About Rabot Hotel from Hotel Chocolat
Chocolate – or cocoa, to be more precise – is what it’s all about at St Lucia’s newest hotel. You may well be familiar with the British chain of Hotel Chocolat shops. Well, the company recently bought the Rabot Estate near Soufriere – dating from 1745, it’s St Lucia’s oldest cocoa plantation. Hotel Chocolat is using the estate as the focal point for trying to revive the island’s cocoa production, and it has also built a sleek restaurant with a cluster of lodges attached.

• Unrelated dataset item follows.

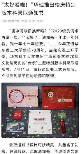 【光明日报客户端】“太好看啦!”华理推出校庆特别版本科录取通知书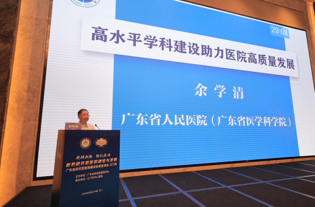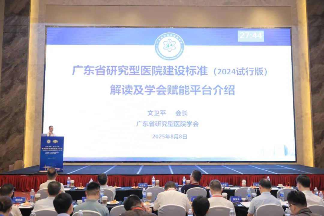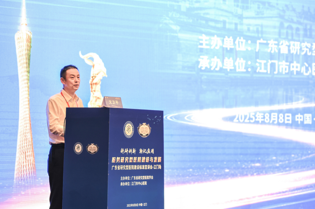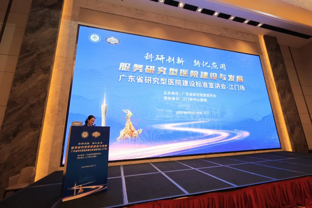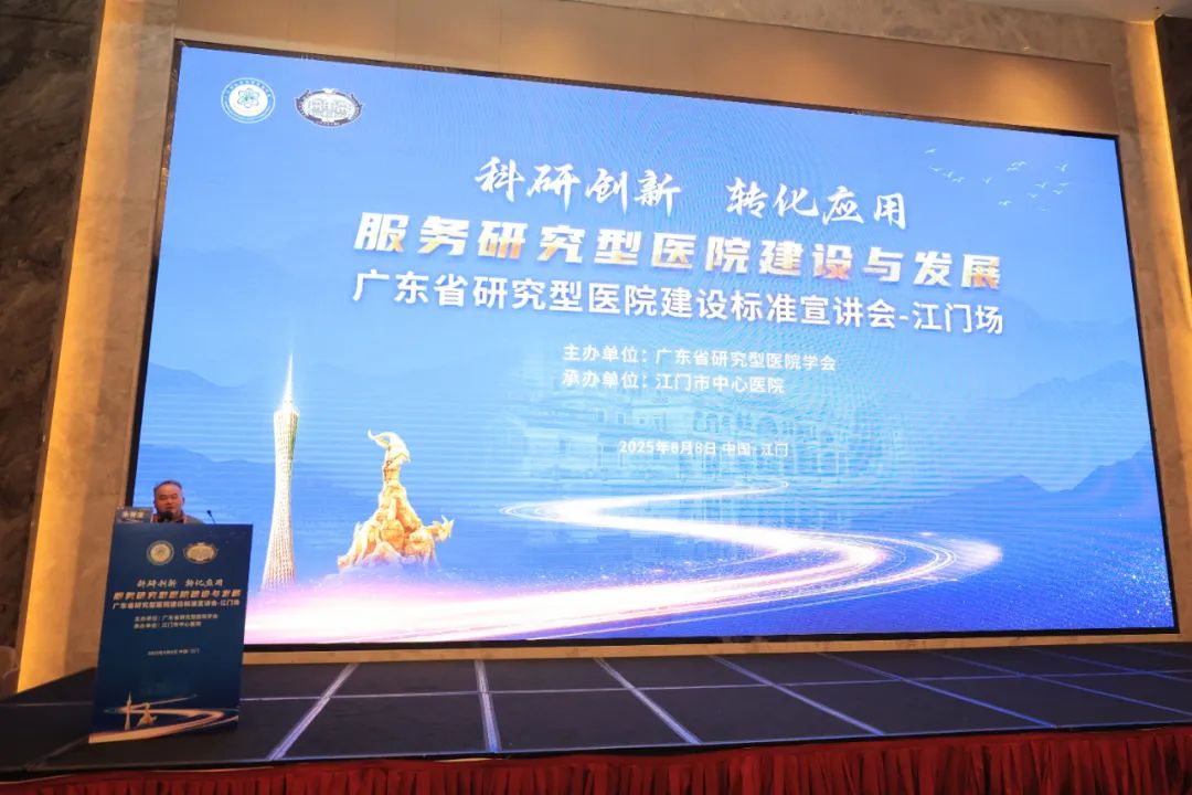 2025年8月8日,由广东省研究型医院学会主办、江门市中心医院承办的“科研创新,转化应用——服务研究型医院建设与发展项目‘广东省研究型医院建设标准’宣讲会-江门场”会议圆满举行。本次会议汇聚了省内外医疗领域知名医院管理者、专家学者,共同探讨研究型医院建设的创新路径与经验,是推动医疗、教学和科研深度融合,带动公立医院高质量发展的一次生动实践。

The restaurant/bar is a striking, open-plan, open-sided pavilion, and the beautifully presented food rivals any other restaurant on the island. Cocoa is used in virtually every dish, either as savoury cocoa nibs, or in the form of chocolate. We love the delectably smooth hot chocolate for breakfast, and a cacao bellini or chocolate daiquiri in the bar before dinner.
With arty prints of cocoa beans, iPods loaded with Caribbean tunes, and an understated palette of browns and whites, bedrooms are the epitome of plantation chic. Luxe Lodges, set on a hillside up flights of steps, have vaulted ceilings, spacious verandahs basking in views of the Petit Piton, and snazzy rainforest showers. Cheaper Lodges, set around a courtyard, are equally stylish and more easily accessible, but much more compact. Both types of room have four-poster beds under mosquito netting – there is no air-conditioning.
Though it’s a drive to the nearest beach, there is plenty to do on the estate. The hotel offers fascinating tours of the nursery, during which guests can graft their own cocoa sapling, and Boucan’s chef works with guests to create bars of chocolate from cocoa beans. There are also treatments using cocoa oils on offer in the spa.
We’ve enjoyed wandering through the estate’s cocoa groves (though creating paths is a work in progress), and down to the Sulphur Springs, a pleasant 30-minute stroll away along a back lane. Alternatively, you can just chill out in the residents-only Club Boucan, whose infinity swimming pool merges with the mesmeric view of Petit Piton.